Tomorrow? A firmware update might just brick it the next time it goes online or won’t be able to read the grbl
These people are so ridiculous. It'll fail on 1A and 2A grounds, not to mention challenges implicit from 4A and 5A considerations. They can't ban arbitrary information, even dangerous information, and there's a presumption of regularity - you're presumed innocent of wrongdoing absent evidence, so they can't legislate the assumption of criminality by default. They can't ban private creation of firearms and weapons, so long as other aspects of the law are being followed. They can't assert control over private property and mandate being online, this is equivalent to a warrantless search of private home activity.

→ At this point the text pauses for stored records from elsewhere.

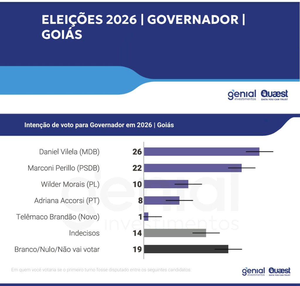 Vilela tem 26%, liderando Marconi, 22%, e a pesquisa também indicou Wilder com 10% e Adriana Accorsi, 8%
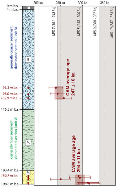 Depositional single-grain feldspar luminescence ages reveal the filling of a glacially overdeepened basin during Marine Isotope Stage 8, representing rare evidence of this time frame in the northern Alpine foreland. Reflection seismic surveys revealed two cross-cutting glacial basins. The dated sediments reveal significantly younger ages than previously assumed. This represents a first step in a re-evaluation of the established Quaternary depositional chronology of the Bavarian Alpine foreland.
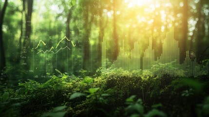 Green bar chart with upward arrow overlays lush tropical forest, symbolizing growth in sustainable finance, environmental progress, and positive esg trends for nature conservation

Arbitrary compliance costs and increased prices can amount to violations of 5A takings clause, and you can't bake in a violation of your right to refuse to incriminate yourself, especially with the vague, subjective nature of the proposed legislation. There's also 5A due process concerns, with the legislation being overbroad and arbitrary. 14A presents equal protections and lays the basis for discrimination between hobbyists and manufacturers and interstate commerce concerns.
The whole notion is about as anti-American and authoritarian as laws get, I don't see it as anything more than political grandstanding, and even if Washington passes it with statewide, unanimous endorsement, it won't last a year before 9th circuit court strikes it down on purely 2A grounds.
This reminds me of William Gibson's "The Peripheral" in which the protagonist runs a rural 3D print shop where everything has to be licensed and government approved. We live in the near future.
How would it know what is a firearm and what isn't? Seems trivial to defeat for someone who knows CAD, no?
And work really well until you have more than 20 files or so after which it becomes impossible to manage the SD. Your best bet here is to have a stack of SDs of what you'd normally put in folders. Really nice, especially given how easy it is to write on the outside of a micro-sd what the contents are.
Surprised this hasn't been shared here before.
Built by my former colleague, Stewart Allen (Co-Founder/CTO of WebMethods, CTO of AddThis, Co-Founder/CPO of IonQ, et al.).
What caught my attention:
- 100% free, no subscriptions, no accounts, no cloud
- Local-first: all slicing and toolpath generation runs on your machine
- Works in any browser, even offline once loaded
- Supports FDM/SLA, CNC milling, laser cutting, wire EDM
- Fully open source: github.com/GridSpace/grid-apps
Refreshing to see a tool that isn't trying to lock you into a subscription or harvest your data.